Аносову с каждым часом становилось всё хуже. Ночью началась агония. Он лежал с высоко поднятыми под одеялом коленками и шевелил запекшимися губами.
В комнату осторожно вошла бледная Луша, и, ухватившись за косяк двери, вслушивалась в тяжелое дыхание больного.
На столе горела свеча, распространяя скудный свет и отбрасывая на лицо Аносова мертвенные блики. Дежуривший лекарь дремал в кресле.
Луша неслышно подошла к постели больного, припала к самому уху Аносова.
– Ты меня слышишь, Петрович?
– шёпотом спросила она.
Он широко раскрытыми невидящими глазами смотрел в потолок.

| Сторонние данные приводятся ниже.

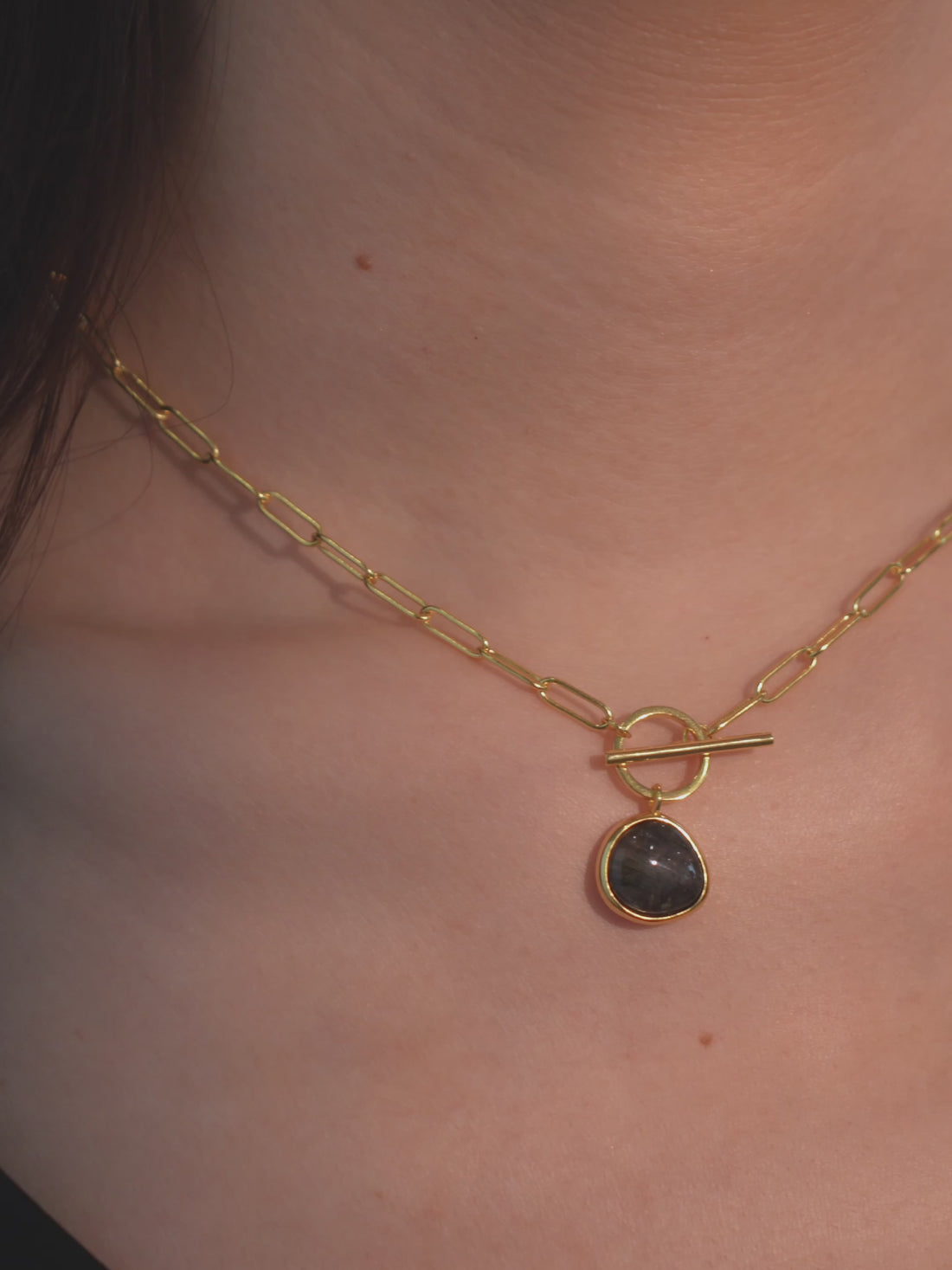Inspired by the graceful movement of stellar orbits, this necklace pairs a retro OT clasp with a natural labradorite pendant. The stone’s cool, shifting glow mimics celestial trails, creating a piece that feels both modern and quietly mysterious.

"Не слышишь, милый. Не чуешь, дорогой", - со страшной тоской подумала Луша. Сердце ее сжалось от глубокого горя, охватившего всё ее существо. Она часто-часто задышала у его уха и снова зашептала:
– Всё суетился, старался... Не уберег себя, милый... Вся-то жизнь моя прошла с думой о тебе... Родной ты наш...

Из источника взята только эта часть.